Although these comments are primarily for the use of the Routing ADs, it would
be helpful if you could consider them along with any other IETF Last Call
comments that you receive, and strive to resolve them through discussion or by
updating the draft.

Document: draft-ietf-opsec-ipv6-eh-filtering-06
Reviewer: Stewart Bryant
Review Date: 5 December 2018
Intended Status: Informational

Summary:  This is a comprehensive and well written document. However the IESG
needs to think carefully about whether this document end-runs the protocol
development process.

Comments:

It is clear from the discussion on the list about this text that there is a
disconnect between protocol theory, protocol implementation and protocol
deployment with regard to IPv6 that needs to be resolved in the IETF, and which
may be of broader scope than this text. Reading the text and the associated
references I share those concerns.

Major Issues:

I am worried about the fragmented filter that this document attempts to
mandate. It is easy to see why a router on the edge of its performance envelope
would take the view :

"if not UDP | TCP: slow path"
if small queue to slow path full: drop

Whilst this document performs a solid analysis of what actions should be taken
on an option, it ought to make it clearer to the reader that how a router
handles options needs to be a pragmatic engineering and business decision taken
by the vendor and network operator.

3.4.2.5.  Advice

   Intermediate systems should discard packets containing a RHT0 or
   RHT1.  Other routing header types should be permitted, as required by
   [RFC7045].

SB> There also need to be advice to the protocol designers to
SB> avoid the problems that got RHT0 deprecated in the first place.
SB> Also, given the emergency deprecation of RHT0 there ought to
SB> be a requirement on the fast path that it can block any RH type
SB> at any time in the future.

Minor Issues:

The document includes the RFC 2119 template and makes very occasional use of
RFC 2119 language, but as I read through the text I found instances where it
looked as if such language could be usefully used but was not used. It is
possible that the authors took the view that RFC 2119 language would only be
used in quoted text, in which case a clarifying note to this effect might be
useful.

==============

   o  Ignore this IPv6 EH or option type (as if it was not present) and
      forward the packet.  We note that if a packet carries forwarding
      information (e.g., in an IPv6 Routing Header) this might be an
      inappropriate or undesirable action.

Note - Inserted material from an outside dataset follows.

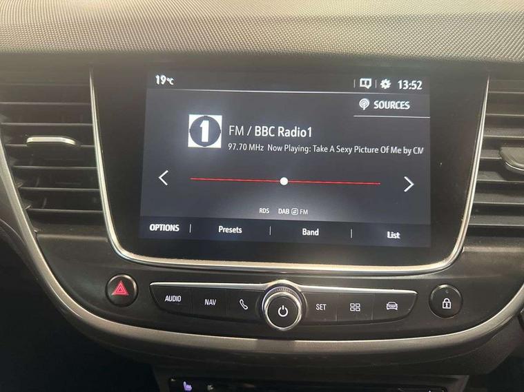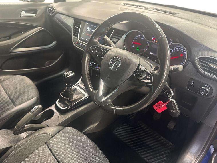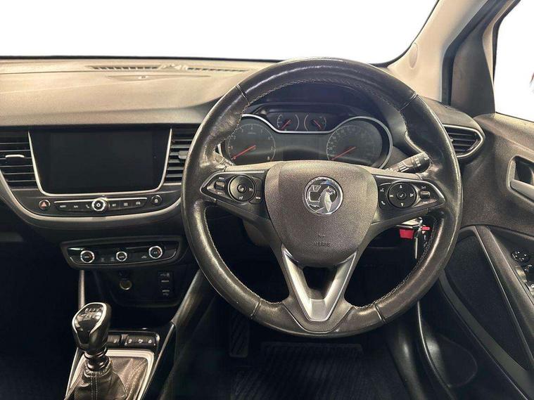 3.5" monochrome instrument colour display, Audible lights on warning, Bluetooth connectivity, Cruise control + speed limiter, Digital clock with automatic RDS time adjustment, Driver drowsiness alert system, E-call, Forward collision warning, Instrumentation - Speedometer, rev counter, low fuel gauge warning light + water temperature gauge warning light, shift up/down indicate light, Lane departure warning system, Multi function trip computer, Multimedia sat nav pro with 8" colour touchscreen, AM/FM, Bluetooth streaming, Bluetooth mobile phone portal, apple CarPlay/Android Auto + 6 speakers, Outside temperature display with ice warning, Refridgerant low indicator, Service interval indicator, Speed sensitive power steering, Speed sign recognition, Vauxhall connect, Front wheel drive, 2 x USB connections, DAB Digital radio, Steering wheel mounted audio/phone/cruise controls, 2 speed wipers/wash wipe/intermittent wipe, Alloy effect front and rear skid plates, Automatic anti dazzle rear view mirror, Automatic headlamp levelling system, Automatic high beam control with cornering light, Automatic lighting control, Black door mirror housings, Black radiator grille with chrome bar, Black roof, Body colour door handles, Body colour front and rear bumpers, Chrome effect upper window moulding, Dark tinted rear side windows + tailgate window, Electrically adjustable and heated door mirrors, Front power windows with express up/down and anti-pinch function, Hazard warning lights, Headlamps for left side traffic, Heated rear window, Integrated tailgate spoiler, Intermittent rear wash/wipe, LED daytime running lights, LED front fog lights, LED Headlights, LED side repeat indicators, LED tail lights, Rain sensitive windscreen wipers, Rear fog lights, Rear power windows with express up/down and anti-pinch function, Rear side wing doors, Rear wing door, Reversing light, Side window demist vents, Solar heat absorbing windscreen and windows, Third brake light, Welcome lighting, Windscreen demist vents, 12v power outlet - front, 2 way adjustable front passenger seat, 2 way front passive headrests, 3 rear seats, 3 spoke flat bottomed leather covered steering wheel with bezel decoration, 4 way electrically adjustable lumbar support for drivers seat, 60/40 split folding rear seat backrest, Adjustable rear seat backrest, Air recirculation facility, Ambient lighting, Anti submarining ramps in front seats, Cabin particulate filter - removes dust, airborne particles and pollen, Centre console, Driver and front passenger illuminated vanity mirrors with flip up covers, Driver's seat armrest, Drivers ergonomic active seat with 8 way manual adjustable driver seat , height, reach and backrest, Dual zone electronic climate control, Fade up/fade down on interior lighting, Four adjustable facia vents, Front door pockets with bottle holders, Front map reading lights, Fully carpeted luggage area, Glovebox with lid, Height adjustable front/rear head restraints, Illuminated load area, Interior courtesy light operated by all doors, Isofix system on outer rear seats, Jet black premium leather side bolsters, Luggage compartment cover, Multi-speed fan with Illuminated control, Open storage compartment in centre console, Passenger assist handles, Reach + rake adjustable steering column, Rear centre headrest, Rear door pockets with bottle holders, Rear floor ventilation ducts, Rear reading lights, Satin chrome effect bezel on steering wheel, Seat cushion extension, Single front passenger seat, Sparkle cloth/vinyl upholstery, Storage pockets on front seat backs, Two drinks holders in centre console, Rear view camera plus pack - Crossland, Winter pack - Crossland, 3x3 point rear seatbelts, 6 airbags - Driver and co-driver front, front side, head curtain roof airbags, front and rear row coverage airbags, ABS, Automatic emergency braking with pedestrian detection, Child locks on rear doors, CSC - Cornering stability control, Deactivate switch for side impact airbags, Deformation zones front and rear, Dual seatbelt pretensioners on front seats, EBD - Electronic brakeforce distribution, Energy absorbing steering column, Engine drag torque control, ESP + traction control, Front and rear seatbelt unfastened audible warning and warning light, Front side impact airbag, Hill start assist, Hydraulic Brake Assist (HBA), Hydraulic brake boost, Inertia reel lap and diagonal seatbelts for all seats, Passenger airbag deactivate switch, Pedestrian detection, Rear seat belt pretensioners, Reinforced passenger safety cell, Seatbelt load limiter, Side impact protection beams, Smart seatbelt reminder for front and rear seats, Tyre pressure monitoring system, 2 remote folding keys, Electronically protected audio equipment, Engine immobiliser, Locking wheel nuts, Remote central deadlocking, Remote control central locking activation switch on driver door, Remote control central locking operates on doors, tailgate and fuel filler flap, Remote security alarm system, Visible vehicle identification number, Black facia with silver trim insert, Black trim inserts on front doors, Cluster black with chrome rings, 17" five twin spoke diamond bi colour alloy wheels,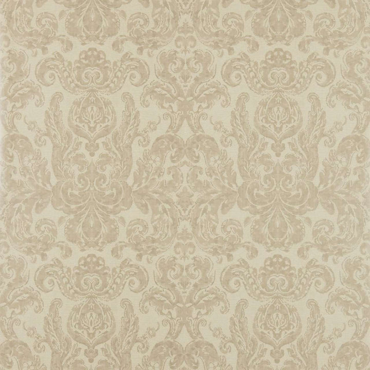 Brocatello behang van Zoffany. Dit meest iconische behangpatroon in het Zoffany-assortiment is oorspronkelijk geïnspireerd op een 19e-eeuws brokaatweefsel, geweven met metalen garens en verfraaid met borduurwerk. Het behangontwerp is bedrukt met lichtreflecterende inkten en subtiele texturen om een extra dimensie aan het ontwerp te creëren.

SB> If the node in question needed to see the routing information isn't
SB> that a misconfiguration that should never happen?

=============

   Finally, we note that when discarding packets, it is generally
   desirable that the sender be signaled of the packet drop, since this
   is of use for trouble-shooting purposes.

SB> Without further qualification of the action, isn't that also an attack
vector SB> for a target "sender"?

=============
4.3.7.5.  Advice

   Intermediate systems should discard packets that contain this option.
SB> I think you mean should by default discard packets containing this option.
SB> Otherwise this sentence technically conflicts with the next.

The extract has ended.